*** Recorded data ***
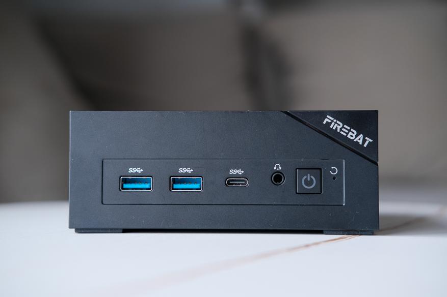 На лицевой стороне мини-ПК Firebat AM02 расположились кнопка включения, разъём для подключения колонок/гарнитуры, порт type-C и два порта USB-A 3.2.
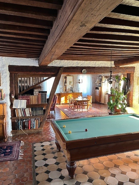 L'entrée s'effectue directement dans un grand espace avec billard, qui dessert :
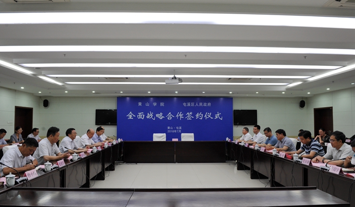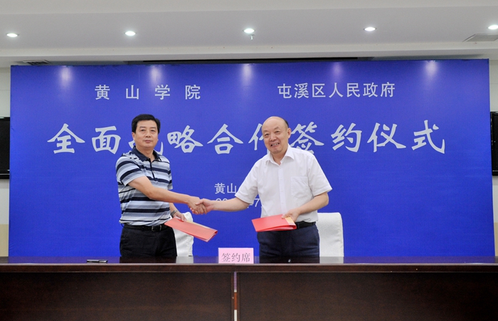 7月20日下午,我校与屯溪区校地全面战略合作签约仪式在屯溪区政务中心会议室举行。校党委书记汪枫,党委副书记胡家俊,副校长胡善风,党委委员、副校长刘英旺,屯溪区委书记江善良,区委副书记、代区长杨林,区人大常委会主任徐灶米,区政协主席吴友训,区委副书记汪长剑,区委常委、区政府常务副区长袁震宇,区委常委、区政府副区长周权,区委常委、组织部长程峰出席会议。校办公室、组织部、宣传部、人事处、科研处、学生处、团委、旅游学院、体育学院、教育与科学学院负责人及屯溪区委区政府办、组织部、宣传部、编办、发改委、教育局、科技局、人社局、住建委、农委、旅游局、团区委、文明办、九龙园区负责人等40余人参加会议。会议由汪长剑主持。
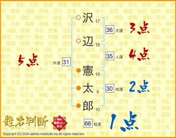 沢辺憲太郎さんの総運は66画の1点!
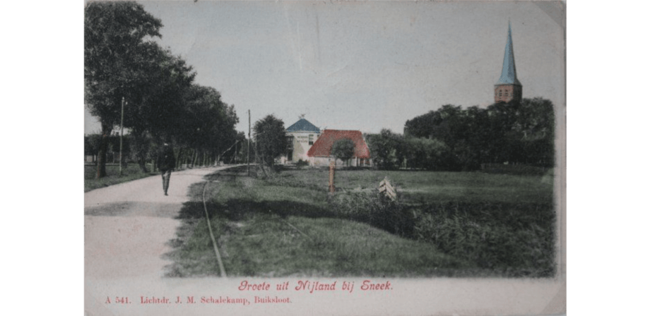 De afgelopen twee eeuwen is in en rond Nijland het een en ander veranderd. Halverwege 19e eeuw werden de modderige landwegen geleidelijk vervangen door grintdijken. Belangrijk in dit verband was de aanleg van de Rijksweg tussen Sneek en Bolsward rond 1844. Dit was een zogeheten macadamweg, vernoemd naar de Schotse ingenieur John McAdam die dit wegtype uitvond. Macadamwegen vormden in het Friese buitengebied vroege varianten van (deels) verharde wegen. Ter hoogte van Nijland volgde deze weg ongeveer het tracé van de oude landweg. In 1882 kwam langs de weg een tramlijn te liggen. Kaartjes moesten aanvankelijk bij de herberg worden gekocht.
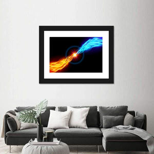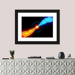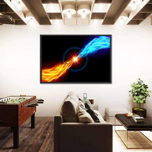 This abstract piece captures the fierce beauty of fire and ice, showcasing dynamic energy streams that swirl together in a mesmerizing dance. The glowing starburst effect at the center adds an intense contrast to the vibrant reds, blues, and oranges, making it a captivating addition to any decor.
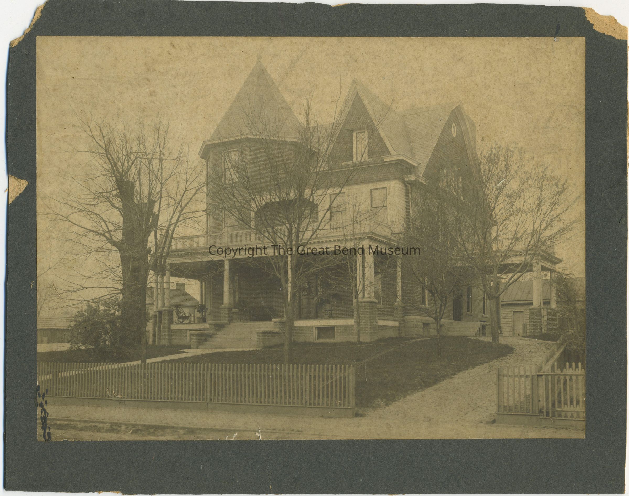 black and white photo mounted on black photo board. Fenced yard - 3 story house - large porch with rocker; 2nd story balcony + turret on 3rd floor - roofline. Driveway leads to "carriage" side entrance and carriage house in back.
*** End of Recorded data ***
## What you should do
Without copying the pictures, transcribe the entries exactly.

## Response for this exercise
 На лицевой стороне мини-ПК Firebat AM02 расположились кнопка включения, разъём для подключения колонок/гарнитуры, порт type-C и два порта USB-A 3.2.
 L'entrée s'effectue directement dans un grand espace avec billard, qui dessert :
 7月20日下午,我校与屯溪区校地全面战略合作签约仪式在屯溪区政务中心会议室举行。校党委书记汪枫,党委副书记胡家俊,副校长胡善风,党委委员、副校长刘英旺,屯溪区委书记江善良,区委副书记、代区长杨林,区人大常委会主任徐灶米,区政协主席吴友训,区委副书记汪长剑,区委常委、区政府常务副区长袁震宇,区委常委、区政府副区长周权,区委常委、组织部长程峰出席会议。校办公室、组织部、宣传部、人事处、科研处、学生处、团委、旅游学院、体育学院、教育与科学学院负责人及屯溪区委区政府办、组织部、宣传部、编办、发改委、教育局、科技局、人社局、住建委、农委、旅游局、团区委、文明办、九龙园区负责人等40余人参加会议。会议由汪长剑主持。
 沢辺憲太郎さんの総運は66画の1点!
 De afgelopen twee eeuwen is in en rond Nijland het een en ander veranderd. Halverwege 19e eeuw werden de modderige landwegen geleidelijk vervangen door grintdijken. Belangrijk in dit verband was de aanleg van de Rijksweg tussen Sneek en Bolsward rond 1844. Dit was een zogeheten macadamweg, vernoemd naar de Schotse ingenieur John McAdam die dit wegtype uitvond. Macadamwegen vormden in het Friese buitengebied vroege varianten van (deels) verharde wegen. Ter hoogte van Nijland volgde deze weg ongeveer het tracé van de oude landweg. In 1882 kwam langs de weg een tramlijn te liggen. Kaartjes moesten aanvankelijk bij de herberg worden gekocht.
 This abstract piece captures the fierce beauty of fire and ice, showcasing dynamic energy streams that swirl together in a mesmerizing dance. The glowing starburst effect at the center adds an intense contrast to the vibrant reds, blues, and oranges, making it a captivating addition to any decor.
 black and white photo mounted on black photo board. Fenced yard - 3 story house - large porch with rocker; 2nd story balcony + turret on 3rd floor - roofline. Driveway leads to "carriage" side entrance and carriage house in back.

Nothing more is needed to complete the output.